#### Recorded information

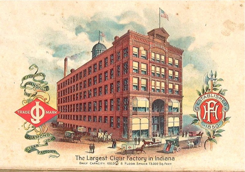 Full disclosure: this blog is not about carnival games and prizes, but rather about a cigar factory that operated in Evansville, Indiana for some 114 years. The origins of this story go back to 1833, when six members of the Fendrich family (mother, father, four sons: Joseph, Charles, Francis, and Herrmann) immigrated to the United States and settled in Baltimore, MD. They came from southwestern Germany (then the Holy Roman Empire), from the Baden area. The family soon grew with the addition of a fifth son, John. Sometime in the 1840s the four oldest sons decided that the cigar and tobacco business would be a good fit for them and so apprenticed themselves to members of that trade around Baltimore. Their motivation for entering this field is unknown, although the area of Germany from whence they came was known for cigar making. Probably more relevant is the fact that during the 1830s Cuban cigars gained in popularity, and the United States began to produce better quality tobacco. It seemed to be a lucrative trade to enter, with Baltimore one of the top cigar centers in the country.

########
#### Recorded information

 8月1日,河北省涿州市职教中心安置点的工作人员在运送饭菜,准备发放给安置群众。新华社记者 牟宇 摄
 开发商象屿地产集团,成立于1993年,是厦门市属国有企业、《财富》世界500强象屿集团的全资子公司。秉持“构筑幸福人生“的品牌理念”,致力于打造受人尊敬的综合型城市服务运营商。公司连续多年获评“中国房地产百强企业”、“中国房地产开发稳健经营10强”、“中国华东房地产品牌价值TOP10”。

########

• **Work instruction**
The lines above, starting at the one with "8月1日,河北省涿州市职教中心安置点的工作人员在运送饭菜,准备发放给安置群众。新华社记者 牟宇 摄" and ending at the one with "开发商象屿地产集团,成立于1", are the only ones to return, exactly as written.

• **The answer**
 8月1日,河北省涿州市职教中心安置点的工作人员在运送饭菜,准备发放给安置群众。新华社记者 牟宇 摄
 开发商象屿地产集团,成立于1993年,是厦门市属国有企业、《财富》世界500强象屿集团的全资子公司。秉持“构筑幸福人生“的品牌理念”,致力于打造受人尊敬的综合型城市服务运营商。公司连续多年获评“中国房地产百强企业”、“中国房地产开发稳健经营10强”、“中国华东房地产品牌价值TOP10”。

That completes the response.